● **The data**
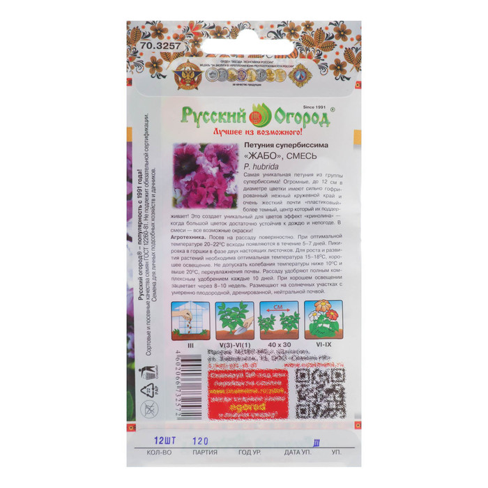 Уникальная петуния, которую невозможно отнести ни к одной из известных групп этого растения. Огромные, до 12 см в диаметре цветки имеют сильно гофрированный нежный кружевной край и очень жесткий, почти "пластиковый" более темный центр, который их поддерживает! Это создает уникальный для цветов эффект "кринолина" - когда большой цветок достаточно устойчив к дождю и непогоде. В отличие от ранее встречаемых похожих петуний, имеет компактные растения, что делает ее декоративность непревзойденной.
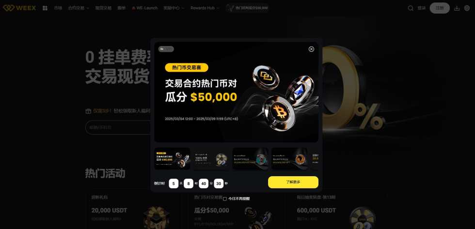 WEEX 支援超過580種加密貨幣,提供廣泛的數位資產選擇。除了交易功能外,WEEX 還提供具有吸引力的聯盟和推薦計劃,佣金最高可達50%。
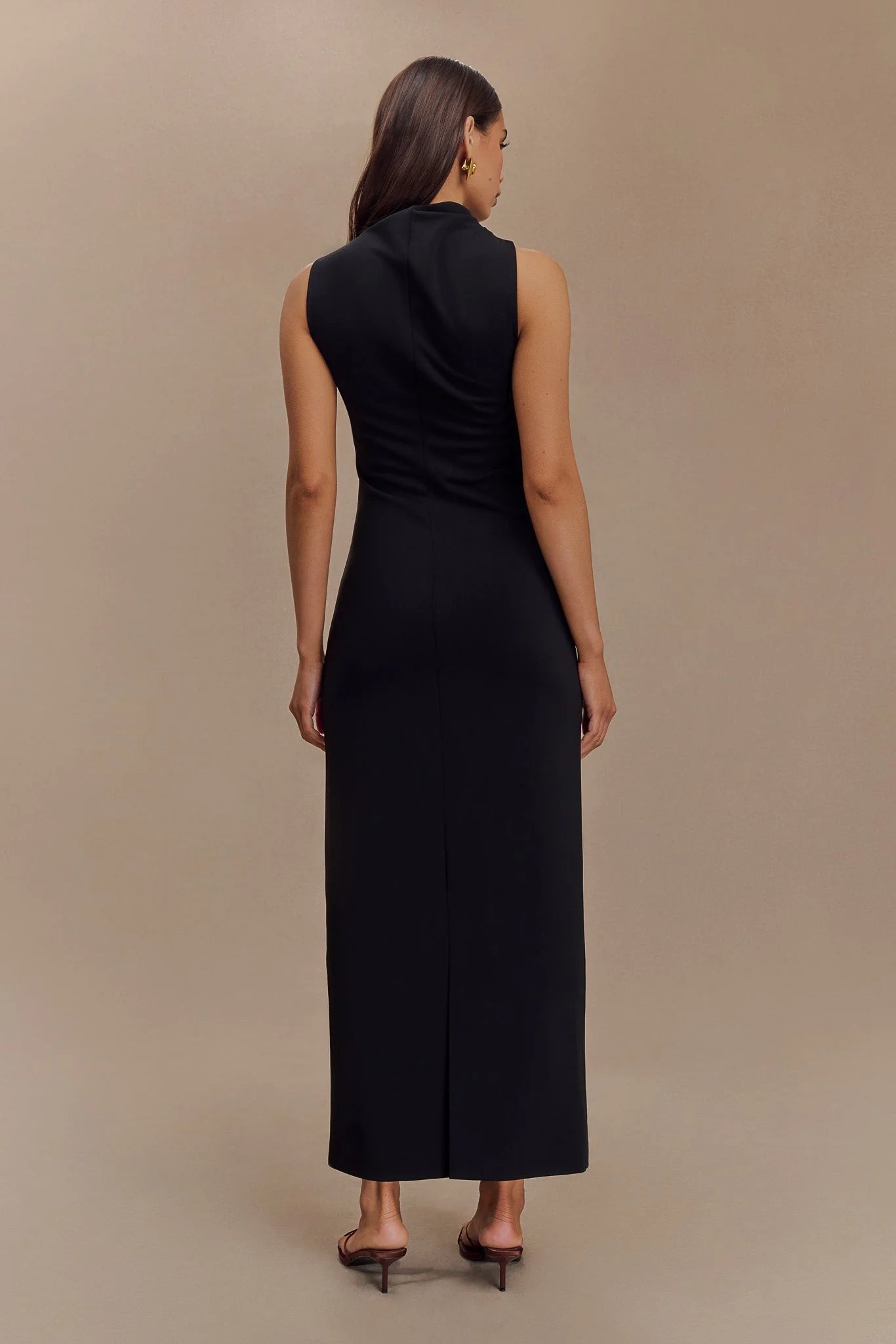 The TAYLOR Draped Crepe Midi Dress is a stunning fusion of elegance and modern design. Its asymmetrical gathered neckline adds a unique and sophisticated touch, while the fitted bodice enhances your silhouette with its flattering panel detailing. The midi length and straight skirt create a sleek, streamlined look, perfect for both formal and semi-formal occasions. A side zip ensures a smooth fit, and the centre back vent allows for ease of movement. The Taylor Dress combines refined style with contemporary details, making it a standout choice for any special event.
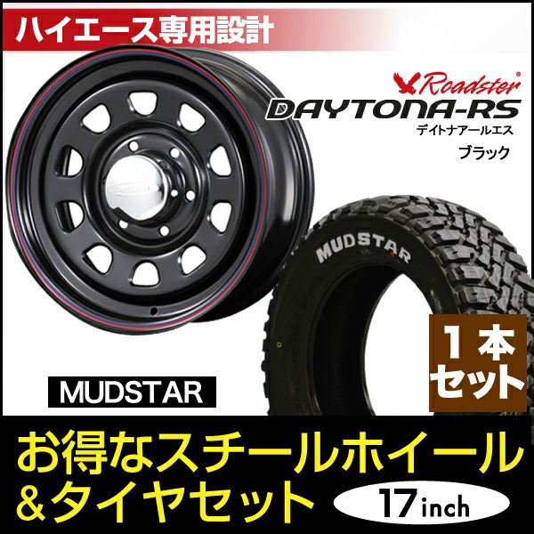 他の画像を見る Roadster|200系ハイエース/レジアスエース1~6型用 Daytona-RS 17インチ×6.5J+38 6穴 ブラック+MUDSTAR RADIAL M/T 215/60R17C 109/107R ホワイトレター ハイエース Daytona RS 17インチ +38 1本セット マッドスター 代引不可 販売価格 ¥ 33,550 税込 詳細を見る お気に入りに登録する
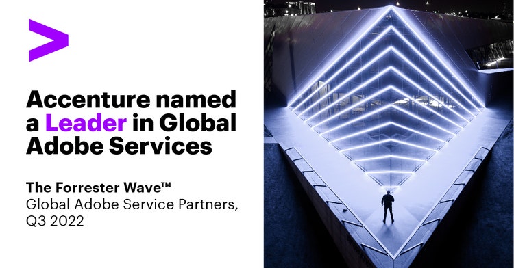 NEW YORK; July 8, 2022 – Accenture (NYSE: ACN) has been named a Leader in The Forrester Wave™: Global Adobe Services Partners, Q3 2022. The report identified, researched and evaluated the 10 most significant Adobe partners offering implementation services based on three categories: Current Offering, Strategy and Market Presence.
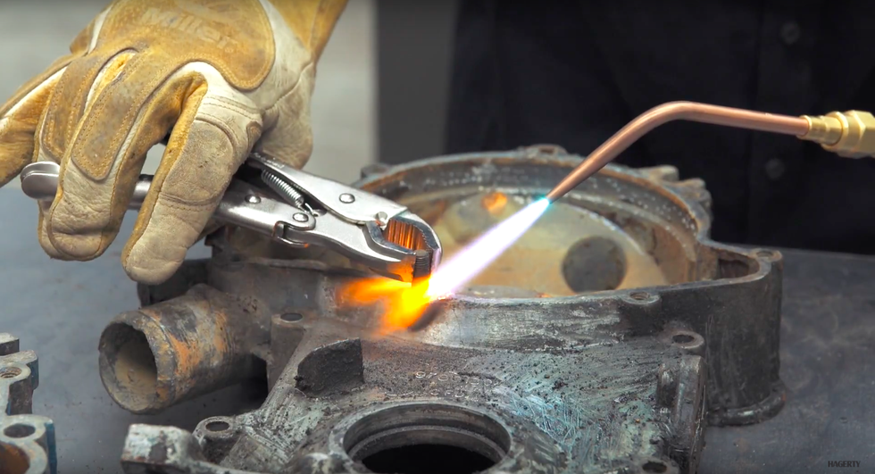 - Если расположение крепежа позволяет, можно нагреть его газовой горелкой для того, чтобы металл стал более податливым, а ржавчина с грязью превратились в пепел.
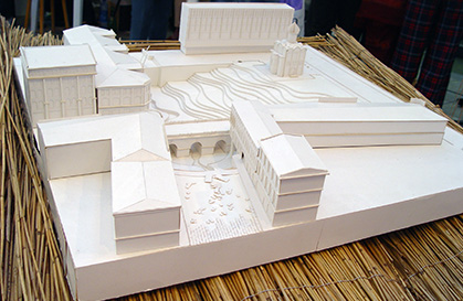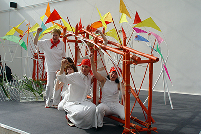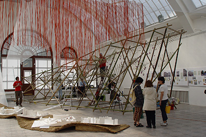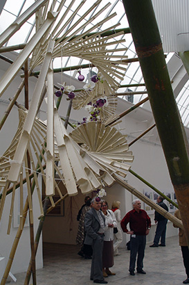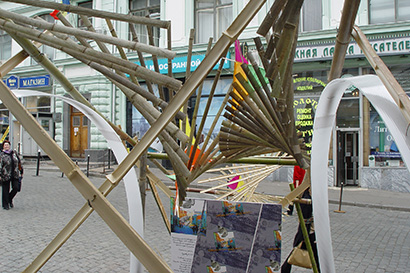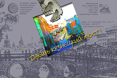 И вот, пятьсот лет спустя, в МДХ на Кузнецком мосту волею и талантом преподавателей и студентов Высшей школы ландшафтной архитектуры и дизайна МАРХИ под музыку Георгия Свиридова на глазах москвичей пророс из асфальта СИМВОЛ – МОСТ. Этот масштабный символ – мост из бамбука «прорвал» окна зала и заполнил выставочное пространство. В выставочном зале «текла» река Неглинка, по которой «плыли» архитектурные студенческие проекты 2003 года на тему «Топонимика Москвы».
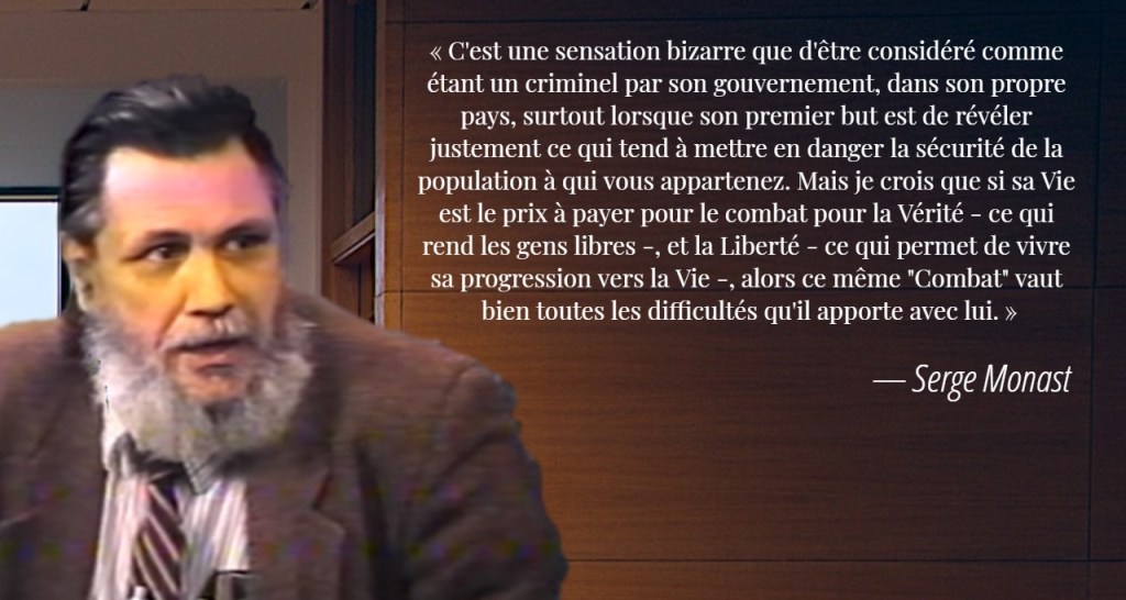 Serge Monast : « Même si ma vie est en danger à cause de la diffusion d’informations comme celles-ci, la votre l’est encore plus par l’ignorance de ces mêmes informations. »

● **Work instructions**
If a record holds a picture, leave the picture out and transcribe everything else exactly.

● **Exercise output**
 Уникальная петуния, которую невозможно отнести ни к одной из известных групп этого растения. Огромные, до 12 см в диаметре цветки имеют сильно гофрированный нежный кружевной край и очень жесткий, почти "пластиковый" более темный центр, который их поддерживает! Это создает уникальный для цветов эффект "кринолина" - когда большой цветок достаточно устойчив к дождю и непогоде. В отличие от ранее встречаемых похожих петуний, имеет компактные растения, что делает ее декоративность непревзойденной.
 WEEX 支援超過580種加密貨幣,提供廣泛的數位資產選擇。除了交易功能外,WEEX 還提供具有吸引力的聯盟和推薦計劃,佣金最高可達50%。
 The TAYLOR Draped Crepe Midi Dress is a stunning fusion of elegance and modern design. Its asymmetrical gathered neckline adds a unique and sophisticated touch, while the fitted bodice enhances your silhouette with its flattering panel detailing. The midi length and straight skirt create a sleek, streamlined look, perfect for both formal and semi-formal occasions. A side zip ensures a smooth fit, and the centre back vent allows for ease of movement. The Taylor Dress combines refined style with contemporary details, making it a standout choice for any special event.
 他の画像を見る Roadster|200系ハイエース/レジアスエース1~6型用 Daytona-RS 17インチ×6.5J+38 6穴 ブラック+MUDSTAR RADIAL M/T 215/60R17C 109/107R ホワイトレター ハイエース Daytona RS 17インチ +38 1本セット マッドスター 代引不可 販売価格 ¥ 33,550 税込 詳細を見る お気に入りに登録する
 NEW YORK; July 8, 2022 – Accenture (NYSE: ACN) has been named a Leader in The Forrester Wave™: Global Adobe Services Partners, Q3 2022. The report identified, researched and evaluated the 10 most significant Adobe partners offering implementation services based on three categories: Current Offering, Strategy and Market Presence.
 - Если расположение крепежа позволяет, можно нагреть его газовой горелкой для того, чтобы металл стал более податливым, а ржавчина с грязью превратились в пепел.
 И вот, пятьсот лет спустя, в МДХ на Кузнецком мосту волею и талантом преподавателей и студентов Высшей школы ландшафтной архитектуры и дизайна МАРХИ под музыку Георгия Свиридова на глазах москвичей пророс из асфальта СИМВОЛ – МОСТ. Этот масштабный символ – мост из бамбука «прорвал» окна зала и заполнил выставочное пространство. В выставочном зале «текла» река Неглинка, по которой «плыли» архитектурные студенческие проекты 2003 года на тему «Топонимика Москвы».
 Serge Monast : « Même si ma vie est en danger à cause de la diffusion d’informations comme celles-ci, la votre l’est encore plus par l’ignorance de ces mêmes informations. »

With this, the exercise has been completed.